Is this from personal experience? Inquiring minds want to know!



> i want something like a moray but fully fw


Island Pets in Burnaby had young morays (I think) or something similar that will grow out in freshwater. You could check with Grant.


----------



## Lamplighter (Aug 3, 2012)

You looking for something to light up your life?


----------



## Reckon (Jul 25, 2012)

With Christmas in a couple months mabbe a couple electrodes from the tank to the tree...



Lamplighter said:


> You looking for something to light up your life?


----------



## Diztrbd1 (Apr 21, 2010)

Reckon said:


> With Christmas in a couple months mabbe a couple electrodes from the tank to the tree...


like this?


----------



## ThePhoenix (Jul 23, 2012)

hell, why stop at the tree? plug him into the house power, be free from BC Hydro!


----------



## macframalama (Apr 17, 2012)

with what i pay monthly I would need alot of eels to fix $250 / month lol


ThePhoenix said:


> hell, why stop at the tree? plug him into the house power, be free from BC Hydro!


----------



## macframalama (Apr 17, 2012)

Diztrbd1 said:


> like this?


this is the opposite of what i want , I want just a natural setting , its actually unfortunate that one of the coolest natural abilities is exploited. look at this eel , bare glass, lil booger noses pressed against the glass... not the reasoning I want one, i just think there neat to look at , plus they have there super natural power, and being air breathers they are quite active unlike most other eels


----------



## Elle (Oct 25, 2010)

The eel tank from behind the scenes at the Vancouver Aquarium:


----------



## macframalama (Apr 17, 2012)

I think its funny that a sign is needed lol....


----------



## charles (Apr 21, 2010)

Well, if you want a true eel, electric eel is actually a knife fish; not a true eel.

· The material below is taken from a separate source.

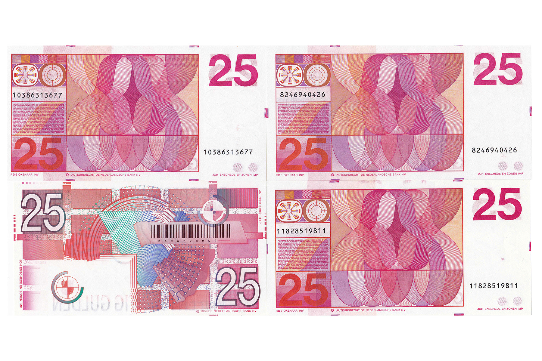 Lot (4) 25 Gulden 1971 Sweelinck (3). Mev. 84-1, 84-2; PL 70.b, 70.f [# 8246940426] [# 10386313677] [# 11828519811]; 25 Gulden 1989 Roodborstje. Mev. 85-1; PL 71.a [# 2496770964]. Vrijwel UNC.
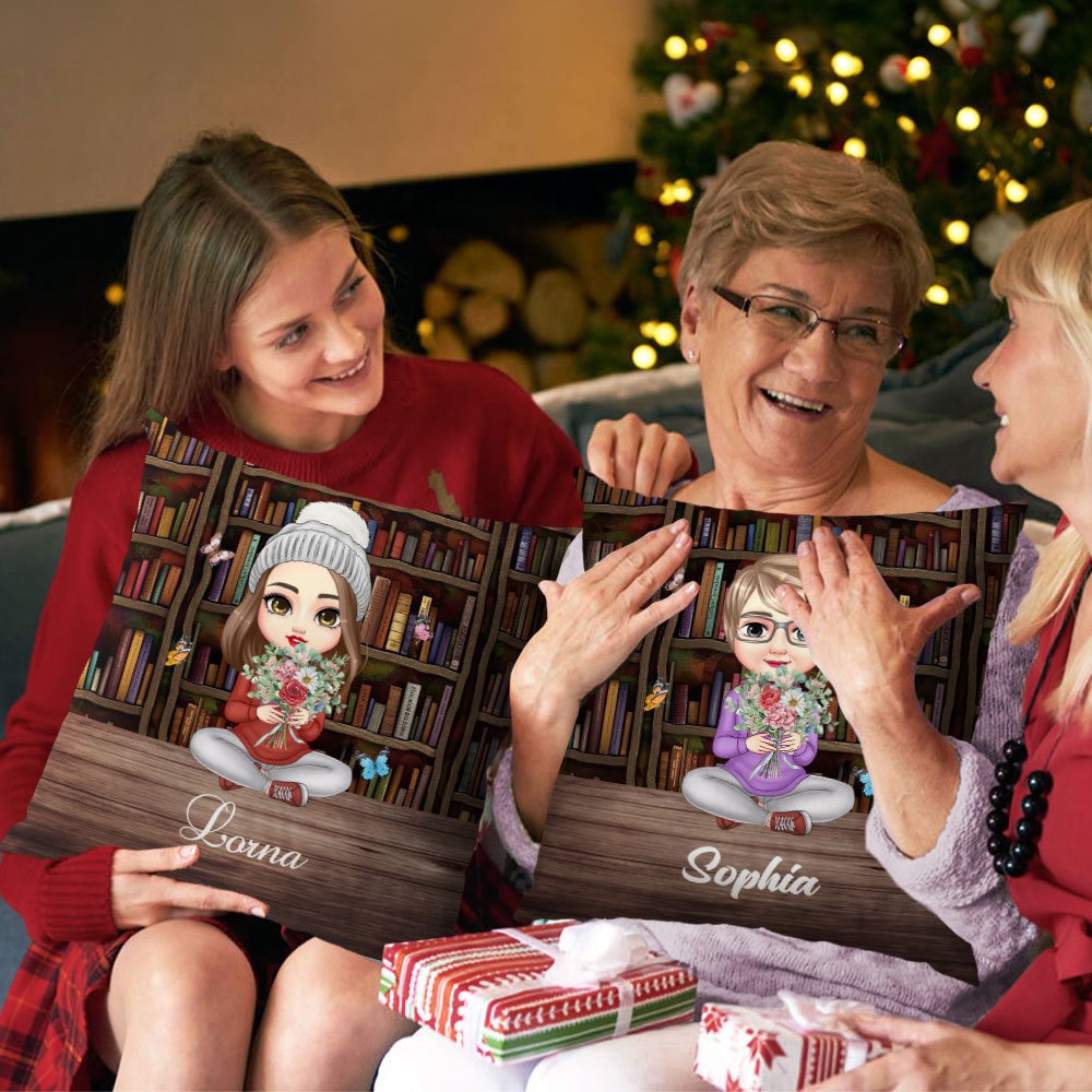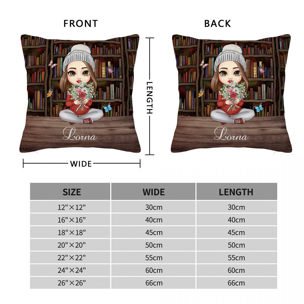 Dieser Kissenbezug zeichnet sich durch ein charmantes Cartoon-Design aus und kann mit Ihrem Namen und einem schönen Strauß Geburtsblumen individuell gestaltet werden. Kombiniert mit dem Hintergrund von Bücherregalen voller Bücher, sieht es stilvoll und einzigartig, sehr auffällig.

Yes, I now change to a plastic net for them. And my customer is actually using a wooden net for them as well. They grow more than 4 feet. My collector sent me a video of a 7 footer being bagged in a poor with guys wearing all plastic gears.


----------



## macframalama (Apr 17, 2012)

I know there not a true eel, however the choices for a full eel are pretty limited, for larger species...


----------



## charles (Apr 21, 2010)

Yiou have a tank big enough for a fish that max out at 8 feet or bigger? I think it is better to get a swarm eel, safer for the kids at the very least.

I


----------



## Lamplighter (Aug 3, 2012)

]The question is "What are the realities of having a electric eel tank?" How about death!!! Get a shock that intersects the heart and it could be the end. The eels generate up to 600 Volts.

Of course you could get the low voltage eel.


----------



## macframalama (Apr 17, 2012)

I like that little cartoon , funny stuff..

I realize the dangers of owning one, I just was spit balling the idea around, it has something that has crossed my mind from time to time...
i suppose the dream fish thread may have sparked some interesting thoughts..,.


----------



## Lamplighter (Aug 3, 2012)

To each their own! I think the fish look scary! I wonder if they have Halloween costumes that look like eels.


----------